As a brief introduction,note that each parallel process in FME uses its own set of data,and data cannot be passed between processes.Therefore you must divide data into groups using a Group-By parameter,and set each group to be handled by a different process.

Here a user is calculating statistics about the number of visitors to parks in the city of Vancouver,using FME's StatisticsCalculator transformer.Each park has an attribute that defines which neighborhood it resides in.That neighborhood attribute is used to group the data and by setting a Parallel Processing Level,each group is handled by a separate process,potentially improving performance.

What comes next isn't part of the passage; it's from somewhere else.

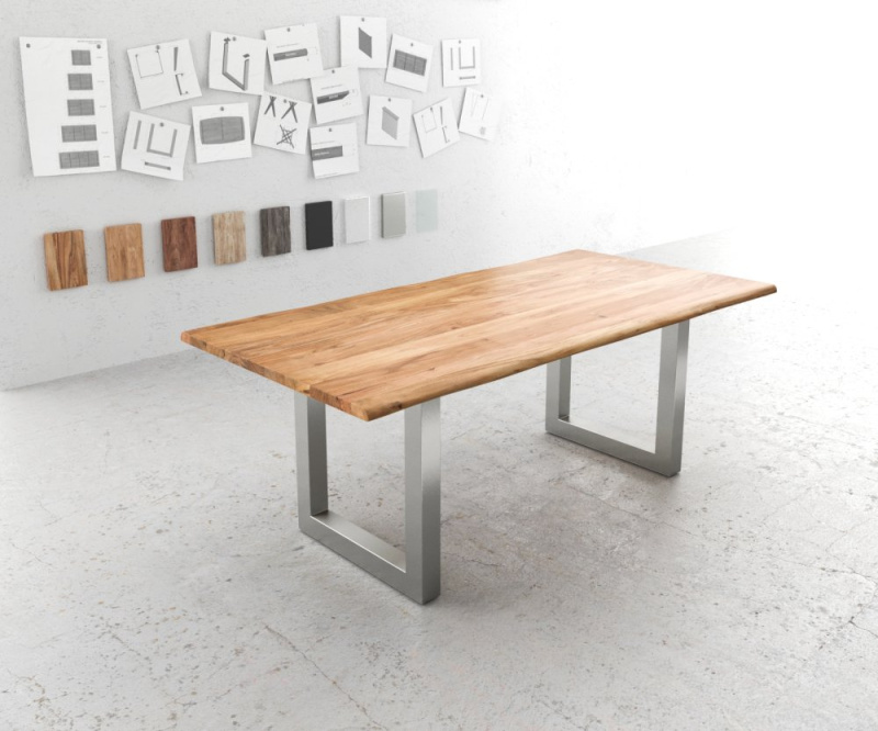 Jídelní stůl Edge 200x100 přírodní akácie nerezová ocel úzká podnož

Parallel Processing Levels

The processing level determines how many processes run in parallel.Minimal creates the fewest processes.Extreme creates the most.The exact amount depends on the number of cores and processors on the computer being used:

However,there is a limit to the number of processes that FME will create.This limit is tied to the FME license level.FME Base Edition allows a maximum of 4 processes;Professional Edition: 8;All other editions: 16.

Parallel Processing Tips

Here are some general tips for parallel processing:

Data must be divisible into groups.If no group attribute is selected set in the transformer Group By,there will be no parallel processing.
Groups will be processed independently.In the above example,each neighborhood will get its own set of statistics.If features in one group depend on features in another,then processing them separately will produce incorrect results.
If you do not have an attribute that defines groups,then groups can be created using other transformers such as the ModuloCounter.This blog postexplores different techniques for creating artificial groups.

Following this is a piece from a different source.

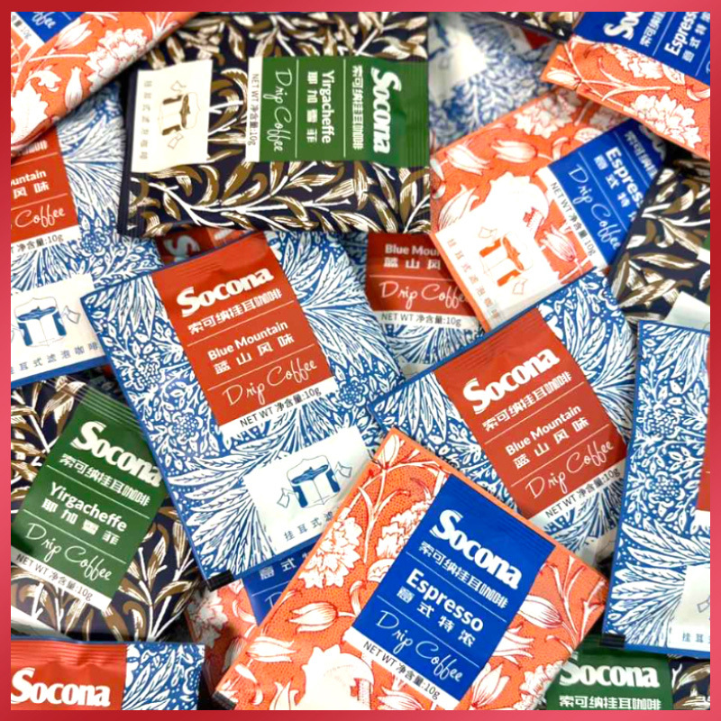 SOCONA耳かけコーヒー意式特濃藍山耶加美式フィルターバッグ新鮮焙煎現磨純黒コーヒー粉

Parallel Processing and Performance

In theory,parallel processing should produce results faster than a single process.However,there are instances where that might not be the case:

Parallel processing only makes sense when the data volumes are big enough - for smaller datasets,the overhead of running multiple FMEs can easily make the translation slower than a single process.i.e.if there are only a handful of parks in the above example,then the benefits of parallel processing can be negated by the cost of starting multiple processes.
A greater number of parallel processes does not always correlate with better performance.For example,in "Aggressive" or "Extreme" mode,there might be so many processes that they are fighting each other (or the operating system) for system resources.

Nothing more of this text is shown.